Training your puppy can be difficult when you’re a first time dog owner. When I got my very first puppy, I was so excited to take him home, but had no idea where to start! That’s why I decided it would be best to put together an easy-to-read guide on how to train your puppy the right way!
Some people are under the impression that dog training is just about teaching dogs to sit and stay. The truth is, it’s a lot more than that. When you bring a puppy home, training begins immediately. As soon as he comes inside the house, make sure to create boundaries for him and show him that this is his new home. They’ll also need to learn concepts such as bite inhibition, and basic obedience commands such as sit, down, stay etc.
It’s important to have a dog training plan, because it helps build the partnership between you and your pet. When you’re consistent with your training plan, your puppy will learn better and faster. What you’ll do depends on the breed, age and temperament of your dog.
Another important part of training your puppy is the partnership.

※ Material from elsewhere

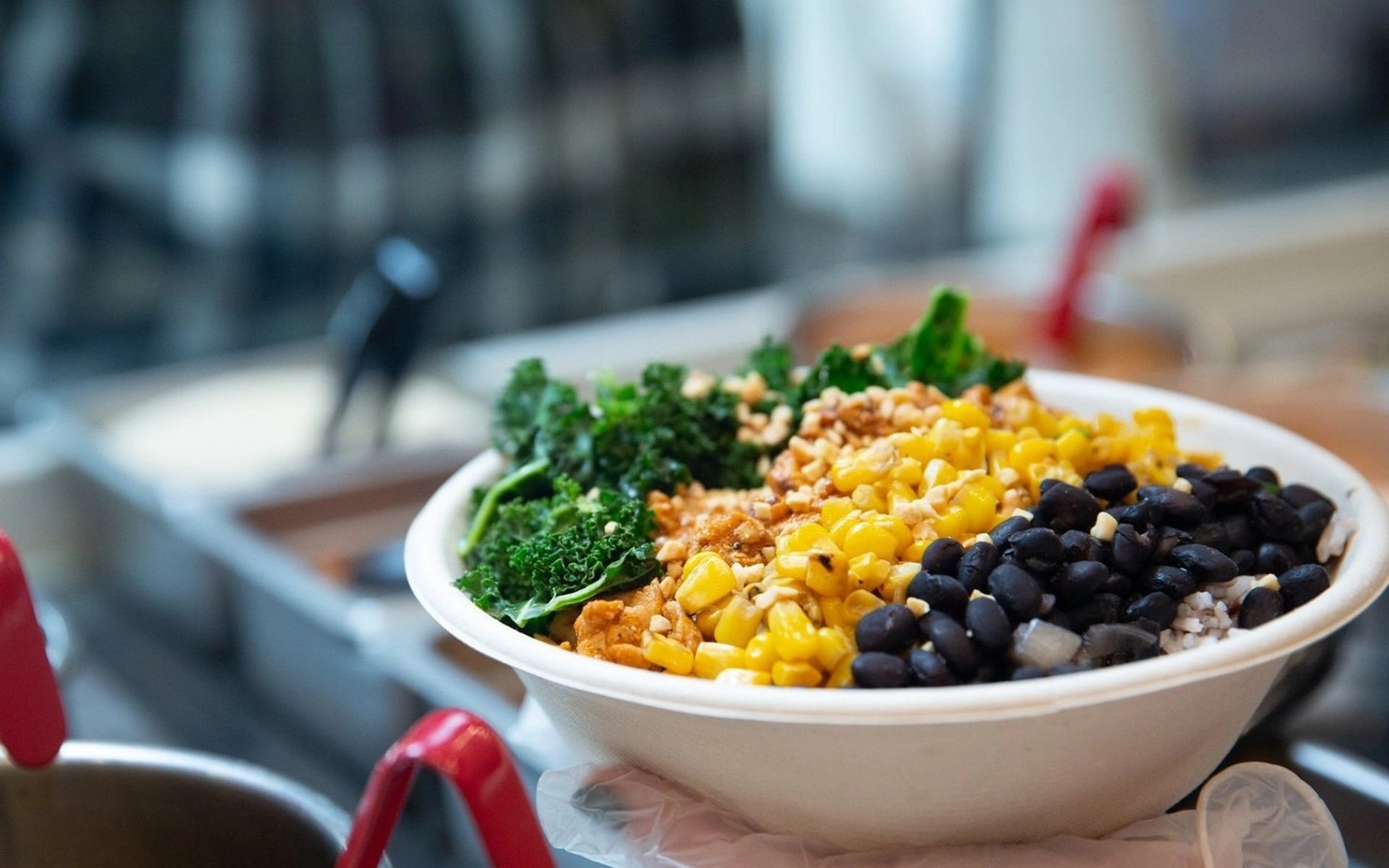 Gm was helpful and guided my wife and I through the ordering/building process of the bowl. They are highly accommodating to most food allergies, including celiacs, which was a huge plus for my wife. The food was delicious and fresh, nothing looked like it had been sitting out for hours on end. Would highly recommend giving it a try if youโre in the area. Vegetarian options: Tofu options available Dietary restrictions: There are vegetarian, vegan, celiac, dairy-free, and keto options available. Wheelchair accessibility: There is a handicap parking space directly outside the entrance with easy access to the building and plenty of accommodation inside seating as well.

The stronger your partnership is with your puppy, the easier it will be to train them. Positive reinforcement training techniques help to solidify this partnership.
Socializing Your Puppy
A lot of trainers teach socialization in the form of “puppy play dates.” At Dogology, we take a different approach. We believe that puppy play dates teach dogs to look at other dogs as a reward. This then leads to barking and pulling on the leash when the dog gets older, and is frustrated that they can’t “go say hi” to other dogs.
Instead of teaching your puppy to socialize with other dogs, we prefer to teach them to focus on you, and be neutral to other dogs and people. That way, they’re not pulling on the leash, frustrating themselves, and frustrating you!
Puppy Obedience Training
When obedience training your puppy, start with a couple of basics, such as sit, down, and come. We’ll teach them these commands by marking with a word such as “yes”, or using a clicker. By marking and rewarding, we’re taking a snapshot of their behavior, and rewarding them. They will soon associate the marker word or clicker with food, which will allow you to reward them more easily.
When teaching your dog basic commands, always start by teaching them engagement first. This means that any time they look at you (or give you their attention), mark and reward. This will make it much easier to teach them sit, down, and come.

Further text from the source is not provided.